His love has saved me for eternity, but it has also kept me standing firm despite the trials I’ve encountered here on earth. I’m a living testimony of Romans 8:35, 37: “Who shall separate us from the love of Christ? Shall trouble or hardship or persecution or famine or nakedness or danger or sword?… No, in all these things we are more than conquerors through him who loved us.”

God’s love has made me a victor, not a victim. His love took the shattered pieces of my past and wove them together into the masterpiece He calls my life.

But know this: when I trusted my life to Jesus, trials didn’t suddenly disappear. I just had more confidence to face them because this time around, I knew I wasn’t doing it alone.

God has brought me through countless life-threatening moments. There are so many reasons that I should be dead or mentally ill, but I’m not. God’s love and His mighty hand of protection have continually been on my life, even when it didn’t look like it.

For example, in 2012, I was diagnosed with stage 3c ovarian cancer. With my family history, this should have brought me to my knees in fear, but it didn’t. When my doctor told me I had cancer, I refused to think about what that might mean.

Instead, I focused on what has always been—God’s faithfulness.

I knew He would be with me, and if for some reason He didn’t choose to heal me this side of heaven, then I would be with Him. I would still have the victory because this earth isn’t where I belong anyway. Heaven is my home! (See Hebrews 13:14.)

So I gave that cancer diagnosis to God, told my doctor and my husband to get their faith on, and faced what had to be faced. Cancer treatments weren’t easy, but God saw me through every battle. And today, I am still standing, freer than ever!

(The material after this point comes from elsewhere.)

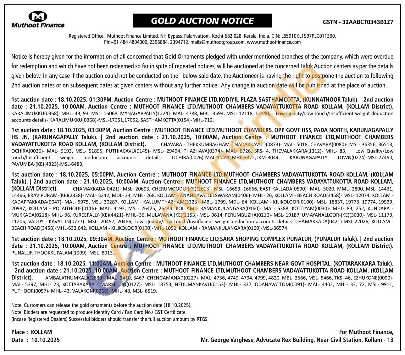 Muthoot Finance Ltd Gold Auctions Auction in Kollam

Through that trial, God delivered me from the fear of closed places. I’d had severe claustrophobia from childhood, due to being locked in closets and even ovens as a form of sadistic torture. In my strength, there was no way I could enter those enclosed diagnostic machines. But instead of running from them, I faced them with God. I told Him about my fear and asked Him to go into those closed spaces with me, and He did. God made a way for me to do what I couldn’t do on my own.

The doctor had given me little hope to survive my diagnosis, but God did the impossible. He healed me. Today, at age 64, I am whole and healthy, and I am more sure and determined than ever that there is nothing in this life that can keep me down, because God is on my side. And if He is for me, who can be against me? According to Romans 8:31, absolutely no one.

Today, my head is lifted high. I smile broadly and still dress to the hilt—but it’s no longer to hide my pain or divert attention. It’s to share the joy I have within me. I want people to know there is hope! With God, anyone, including you, can overcome what has been and endure whatever may yet come (Philippians 4:13).

Put your life in God’s hands, and as He did for me, He will transform your victimized life to a victorious one. Let my life be proof that with God, nothing—and no one—can keep you down.